Several EGFR inhibitors are available today, and have shown better results than chemotherapy as first-line treatment, but patients with lung cancer will eventually experience disease relapse (return) and need new treatment options. Furthermore, in many patients, the resistance to treatment is related to the T790M mutation, which may explain the good results seen with Tagrisso, which is specifically designed to block the activity of the EGFR T790M mutation.
“Osimertinib was clearly superior to standard first-line treatment in patients with EGFR-mutated NSCLC,” Dr. Ramalingam said. Furthermore, he added, “The progression-free survival benefit for patients with and without brain metastases was almost identical, suggesting that osimertinib is active in the brain, as well as in systemic sites. This is important, because brain metastasis is a common problem in EGFR-mutated patients.”
Commenting on these results, Enriqueta Felip, MD, Head of the Lung Cancer Unit, Oncology Department at Vall d’Hebron University Hospital in Barcelona, Spain, said, “Osimertinib reduced the risk of cancer progression by 54% compared with standard of care, and extended the median time to progression by about 9 months. The drug was well-tolerated, and it has activity in the brain. Based on these results, osimertinib should be considered a new first-line treatment option for patients with EGFR mutations.”

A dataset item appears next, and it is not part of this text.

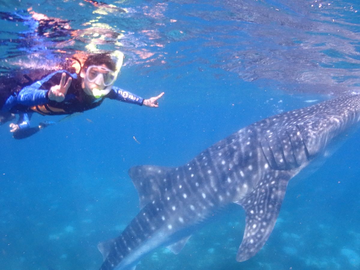 ジンベエザメと泳ぐ感動は、日本では味わうことの出来ない思い出に残る体験だと思います。

How Often Is a CT Scan Needed in Early-Stage Lung Cancer?
The current monitoring guidelines recommend that patients with NSCLC whose tumor was removed by surgery should have a physical exam and a chest CT scan every 3 to 6 months for the first 2 to 3 years after surgery. However, there is no evidence to show that such a frequent CT scan is helpful. Still, the majority of doctors continue to require a CT scan for their patients during follow-up visits.
The findings of a new study presented at ESMO 2017 call into question this practice. The study compared 2 groups of patients with early-stage lung cancer—one group had a physical exam, a chest x-ray, and a CT scan during the first 2 years after lung cancer surgery; the other group had a physical exam and a chest x-ray, but no CT scan. The results showed no significant difference in outcomes between the 2 groups.
Experts who spoke at ESMO disagreed about the meaning of this finding. Some said that survival was still better in the group that had regular CT scans, and CT scans detected second cancers better than x-ray. Still others suggest that an annual CT scan may be sufficient and may reduce the total cost of care.
“Because there is no difference between arms, both follow-up protocols are acceptable,” said the study investigator Virginie Westeel, MD, from Centre Hospitalier Régional Universitaire, Hôpital Jean Minjoz in Besançon, France. “A conservative point of view would be to do a yearly CT-scan…however, doing regular scans every 6 months may be of no value in the first 2 postoperative years,” she said.
By contrast, Dr. Felip, who also commented on this study, said, “Regular scans have a potential long-term benefit, especially in detecting second cancers. In my clinical practice, I will continue to do CT scans. I will not change my practice.”
Other doctors noted that the use of frequent CT scans for monitoring patients during the first 2 or 3 years after lung cancer surgery is not necessary, unless the patient has a known high risk for lung cancer, such as a smoking history or a genetic mutation. Patients should discuss their preferences with their doctors to come to a mutual agreement.